Re: [PATCH] docs: license-rules.txt: cover SPDX headers on Python scripts
From: Greg Kroah-Hartman
Date: Thu Sep 05 2019 - 05:27:09 EST
On Thu, Sep 05, 2019 at 06:23:13AM -0300, Mauro Carvalho Chehab wrote:
> The author of the license-rules.rst file wanted to be very restrict
> with regards to the location of the SPDX header. It says that
> the SPDX header "shall be added at the first possible line in
> a file which can contain a comment". Not happy with this already
> restrictive requiement, it goes further:
>
> "For the majority of files this is the first line, except for
> scripts", opening an exception to have the SPDX header at the
> second line, if the first line starts with "#!".
>
> Well, it turns that this is too restrictive for Python scripts,
> and may cause regressions if this would be enforced.
>
> As mentioned on:
> https://stackoverflow.com/questions/728891/correct-way-to-define-python-source-code-encoding
>
> Python's PEP-263 [1] dictates that an script that needs to default to
> UTF-8 encoding has to follow this rule:
>
> 'Python will default to ASCII as standard encoding if no other
> encoding hints are given.
>
> To define a source code encoding, a magic comment must be placed
> into the source files either as first or second line in the file'
>
> And:
> 'More precisely, the first or second line must match the following
> regular expression:
>
> ^[ \t\f]*#.*?coding[:=][ \t]*([-_.a-zA-Z0-9]+)'
>
> [1] https://www.python.org/dev/peps/pep-0263/
>
> If a script has both "#!" and the charset encoding line, we can't place
> a SPDX tag without either violating license-rules.rst or breaking the
> script by making it crash with non-ASCII characters.
>
> So, add a sort notice saying that, for Python scripts, the SPDX
> header may be up to the third line, in order to cover the case
> where both "#!" and "# .*coding.*UTF-8" lines are found.
>
> Signed-off-by: Mauro Carvalho Chehab <mchehab+samsung@xxxxxxxxxx>
> ---
> Documentation/process/license-rules.rst | 7 +++++--
> 1 file changed, 5 insertions(+), 2 deletions(-)
>
> diff --git a/Documentation/process/license-rules.rst b/Documentation/process/license-rules.rst
> index 2ef44ada3f11..5d23e3498b1c 100644
> --- a/Documentation/process/license-rules.rst
> +++ b/Documentation/process/license-rules.rst
> @@ -64,9 +64,12 @@ License identifier syntax
> possible line in a file which can contain a comment. For the majority
> of files this is the first line, except for scripts which require the
> '#!PATH_TO_INTERPRETER' in the first line. For those scripts the SPDX
> - identifier goes into the second line.

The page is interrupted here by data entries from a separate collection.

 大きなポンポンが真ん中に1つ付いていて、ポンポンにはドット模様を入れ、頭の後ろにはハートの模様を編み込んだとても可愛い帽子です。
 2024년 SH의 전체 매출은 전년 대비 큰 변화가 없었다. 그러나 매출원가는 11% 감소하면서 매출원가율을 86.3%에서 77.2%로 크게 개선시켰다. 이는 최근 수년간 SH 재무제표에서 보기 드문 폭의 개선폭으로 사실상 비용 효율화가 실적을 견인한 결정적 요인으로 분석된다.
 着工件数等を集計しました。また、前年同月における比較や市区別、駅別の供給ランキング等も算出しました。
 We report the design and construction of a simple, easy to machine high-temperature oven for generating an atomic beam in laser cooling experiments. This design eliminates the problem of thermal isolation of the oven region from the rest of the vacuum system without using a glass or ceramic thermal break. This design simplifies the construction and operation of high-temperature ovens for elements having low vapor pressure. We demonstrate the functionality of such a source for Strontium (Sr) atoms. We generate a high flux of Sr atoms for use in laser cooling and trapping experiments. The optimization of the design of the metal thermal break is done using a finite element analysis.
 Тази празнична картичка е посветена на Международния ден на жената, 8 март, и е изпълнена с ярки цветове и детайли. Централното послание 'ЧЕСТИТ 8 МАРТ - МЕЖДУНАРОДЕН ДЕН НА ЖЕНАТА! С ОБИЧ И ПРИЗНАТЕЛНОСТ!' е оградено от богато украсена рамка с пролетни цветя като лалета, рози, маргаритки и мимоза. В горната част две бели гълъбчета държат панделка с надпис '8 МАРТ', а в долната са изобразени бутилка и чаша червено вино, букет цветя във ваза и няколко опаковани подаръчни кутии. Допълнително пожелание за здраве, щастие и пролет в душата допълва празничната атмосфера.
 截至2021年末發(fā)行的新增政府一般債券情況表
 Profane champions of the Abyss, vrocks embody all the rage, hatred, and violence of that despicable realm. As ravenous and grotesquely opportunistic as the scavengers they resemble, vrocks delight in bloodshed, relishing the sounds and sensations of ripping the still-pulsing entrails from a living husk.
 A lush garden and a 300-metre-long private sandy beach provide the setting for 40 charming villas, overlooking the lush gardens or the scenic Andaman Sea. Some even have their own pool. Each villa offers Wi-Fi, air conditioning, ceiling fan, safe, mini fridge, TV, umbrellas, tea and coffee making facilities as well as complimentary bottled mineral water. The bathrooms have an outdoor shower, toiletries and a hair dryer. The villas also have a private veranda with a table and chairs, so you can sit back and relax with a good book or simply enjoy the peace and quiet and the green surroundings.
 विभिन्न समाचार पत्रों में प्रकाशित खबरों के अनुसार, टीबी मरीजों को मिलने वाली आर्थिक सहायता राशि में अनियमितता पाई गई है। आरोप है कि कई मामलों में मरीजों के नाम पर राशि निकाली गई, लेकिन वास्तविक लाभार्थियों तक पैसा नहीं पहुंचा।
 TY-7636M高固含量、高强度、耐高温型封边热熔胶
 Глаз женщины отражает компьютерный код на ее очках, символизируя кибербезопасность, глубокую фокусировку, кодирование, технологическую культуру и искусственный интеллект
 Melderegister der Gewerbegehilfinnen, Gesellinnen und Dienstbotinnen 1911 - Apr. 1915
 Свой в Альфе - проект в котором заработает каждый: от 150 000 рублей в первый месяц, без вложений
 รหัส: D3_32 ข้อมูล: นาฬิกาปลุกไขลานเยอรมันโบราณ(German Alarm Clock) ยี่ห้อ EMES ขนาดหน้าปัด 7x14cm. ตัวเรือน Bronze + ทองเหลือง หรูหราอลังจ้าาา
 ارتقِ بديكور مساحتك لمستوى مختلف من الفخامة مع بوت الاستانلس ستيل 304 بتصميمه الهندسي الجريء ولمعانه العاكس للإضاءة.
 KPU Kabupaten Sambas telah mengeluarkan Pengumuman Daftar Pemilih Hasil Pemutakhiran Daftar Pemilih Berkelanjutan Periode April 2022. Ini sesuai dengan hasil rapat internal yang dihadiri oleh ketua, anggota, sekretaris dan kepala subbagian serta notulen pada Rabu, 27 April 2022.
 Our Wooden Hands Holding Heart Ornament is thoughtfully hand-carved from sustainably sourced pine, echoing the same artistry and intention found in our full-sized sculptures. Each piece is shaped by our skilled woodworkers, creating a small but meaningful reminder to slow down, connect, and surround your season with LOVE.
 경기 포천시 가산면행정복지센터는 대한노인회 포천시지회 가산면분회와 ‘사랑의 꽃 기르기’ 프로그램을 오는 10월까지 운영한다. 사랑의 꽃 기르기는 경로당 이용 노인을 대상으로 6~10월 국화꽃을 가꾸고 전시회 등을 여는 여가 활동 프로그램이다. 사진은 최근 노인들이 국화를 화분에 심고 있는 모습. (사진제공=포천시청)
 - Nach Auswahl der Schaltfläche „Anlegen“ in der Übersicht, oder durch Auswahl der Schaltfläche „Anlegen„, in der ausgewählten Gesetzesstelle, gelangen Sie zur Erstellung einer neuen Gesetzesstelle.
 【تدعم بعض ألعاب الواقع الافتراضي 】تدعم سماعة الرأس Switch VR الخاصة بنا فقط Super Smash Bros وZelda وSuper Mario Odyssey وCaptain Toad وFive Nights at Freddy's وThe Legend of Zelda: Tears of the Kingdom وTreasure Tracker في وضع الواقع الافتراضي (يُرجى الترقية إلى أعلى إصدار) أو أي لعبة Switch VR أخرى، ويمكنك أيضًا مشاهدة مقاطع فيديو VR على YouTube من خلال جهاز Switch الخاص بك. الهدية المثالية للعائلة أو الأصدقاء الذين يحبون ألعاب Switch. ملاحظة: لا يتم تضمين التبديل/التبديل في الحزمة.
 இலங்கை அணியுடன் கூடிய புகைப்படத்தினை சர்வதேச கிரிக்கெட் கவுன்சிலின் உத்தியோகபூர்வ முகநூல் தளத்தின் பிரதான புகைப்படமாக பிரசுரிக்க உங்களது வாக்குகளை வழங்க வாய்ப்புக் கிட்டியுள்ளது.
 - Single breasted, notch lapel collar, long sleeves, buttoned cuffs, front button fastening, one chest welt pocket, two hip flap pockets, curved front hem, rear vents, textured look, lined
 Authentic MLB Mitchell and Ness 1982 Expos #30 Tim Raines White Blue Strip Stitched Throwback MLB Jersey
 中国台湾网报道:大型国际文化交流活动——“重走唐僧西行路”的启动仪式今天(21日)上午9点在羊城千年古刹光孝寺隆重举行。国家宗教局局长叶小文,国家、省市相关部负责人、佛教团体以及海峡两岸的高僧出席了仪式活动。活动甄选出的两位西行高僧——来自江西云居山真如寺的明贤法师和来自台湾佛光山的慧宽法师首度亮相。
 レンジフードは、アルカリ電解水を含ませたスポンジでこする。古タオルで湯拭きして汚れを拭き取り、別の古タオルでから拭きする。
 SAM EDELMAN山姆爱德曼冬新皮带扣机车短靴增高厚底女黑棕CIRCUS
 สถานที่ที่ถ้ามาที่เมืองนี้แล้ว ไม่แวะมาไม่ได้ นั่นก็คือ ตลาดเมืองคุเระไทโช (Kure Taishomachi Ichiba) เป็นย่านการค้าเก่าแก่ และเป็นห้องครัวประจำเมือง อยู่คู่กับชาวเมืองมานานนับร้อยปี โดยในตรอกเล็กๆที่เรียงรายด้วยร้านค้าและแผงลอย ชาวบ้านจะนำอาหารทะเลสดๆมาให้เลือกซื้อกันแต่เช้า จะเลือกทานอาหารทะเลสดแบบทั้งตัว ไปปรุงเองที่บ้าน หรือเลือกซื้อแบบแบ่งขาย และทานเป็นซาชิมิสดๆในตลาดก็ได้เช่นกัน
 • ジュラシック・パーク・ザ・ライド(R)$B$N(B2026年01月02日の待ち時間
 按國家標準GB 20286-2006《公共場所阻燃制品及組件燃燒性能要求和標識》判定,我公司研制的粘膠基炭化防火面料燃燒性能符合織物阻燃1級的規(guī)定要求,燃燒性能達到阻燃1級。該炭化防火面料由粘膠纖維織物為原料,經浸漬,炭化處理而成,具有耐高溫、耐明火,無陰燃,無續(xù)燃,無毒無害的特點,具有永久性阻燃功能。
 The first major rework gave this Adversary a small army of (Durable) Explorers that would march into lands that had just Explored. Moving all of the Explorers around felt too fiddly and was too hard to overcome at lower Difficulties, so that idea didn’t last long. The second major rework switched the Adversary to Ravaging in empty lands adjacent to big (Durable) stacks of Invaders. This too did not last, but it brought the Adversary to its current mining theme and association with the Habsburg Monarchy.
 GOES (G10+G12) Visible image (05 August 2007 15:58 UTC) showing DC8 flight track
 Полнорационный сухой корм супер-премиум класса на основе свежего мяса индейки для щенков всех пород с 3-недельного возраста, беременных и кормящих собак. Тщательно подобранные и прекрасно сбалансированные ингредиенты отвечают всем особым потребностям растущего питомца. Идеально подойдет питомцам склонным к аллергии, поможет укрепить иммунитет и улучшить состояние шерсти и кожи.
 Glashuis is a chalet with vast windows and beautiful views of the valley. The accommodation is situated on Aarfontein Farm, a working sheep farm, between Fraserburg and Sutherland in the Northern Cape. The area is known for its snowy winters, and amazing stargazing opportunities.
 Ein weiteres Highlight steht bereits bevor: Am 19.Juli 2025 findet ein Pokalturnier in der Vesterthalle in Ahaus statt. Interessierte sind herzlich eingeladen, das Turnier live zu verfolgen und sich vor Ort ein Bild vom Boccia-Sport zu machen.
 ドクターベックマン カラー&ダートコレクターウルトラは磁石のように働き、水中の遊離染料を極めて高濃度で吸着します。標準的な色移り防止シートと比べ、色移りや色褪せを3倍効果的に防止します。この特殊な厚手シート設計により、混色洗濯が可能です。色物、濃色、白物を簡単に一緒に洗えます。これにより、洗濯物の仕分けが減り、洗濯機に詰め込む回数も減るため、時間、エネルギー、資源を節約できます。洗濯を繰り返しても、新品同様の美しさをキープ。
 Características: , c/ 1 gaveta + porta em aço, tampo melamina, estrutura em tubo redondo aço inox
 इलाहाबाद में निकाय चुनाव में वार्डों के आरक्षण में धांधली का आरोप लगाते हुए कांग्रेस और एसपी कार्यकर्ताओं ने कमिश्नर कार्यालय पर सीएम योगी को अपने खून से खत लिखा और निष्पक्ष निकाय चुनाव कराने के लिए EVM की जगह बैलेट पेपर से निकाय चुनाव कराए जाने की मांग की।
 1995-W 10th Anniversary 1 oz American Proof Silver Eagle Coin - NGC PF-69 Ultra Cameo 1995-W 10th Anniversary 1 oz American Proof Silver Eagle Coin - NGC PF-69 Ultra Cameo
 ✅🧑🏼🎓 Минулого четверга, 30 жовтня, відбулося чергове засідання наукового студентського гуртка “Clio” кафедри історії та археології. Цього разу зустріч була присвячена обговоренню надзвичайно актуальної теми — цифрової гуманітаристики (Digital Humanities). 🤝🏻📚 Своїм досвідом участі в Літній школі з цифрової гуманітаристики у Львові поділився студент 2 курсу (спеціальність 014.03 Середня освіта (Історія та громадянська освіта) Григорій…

> + identifier goes into the second line\ [1]_.
>
> -|
> +.. [1] Please notice that Python scripts may also need an encoding rule
> + as defined on PEP-263, which should be defined either at the first
> + or the second line. So, for such scripts, the SPDX identifier may
> + go up to the third line.
>
> 2. Style:
>
If you are going to do this, can you also fix up scripts/spdxcheck.py to
properly catch this, as well as fixing up the location of the spdx tag
line in the file itself?
thanks,
greg k-h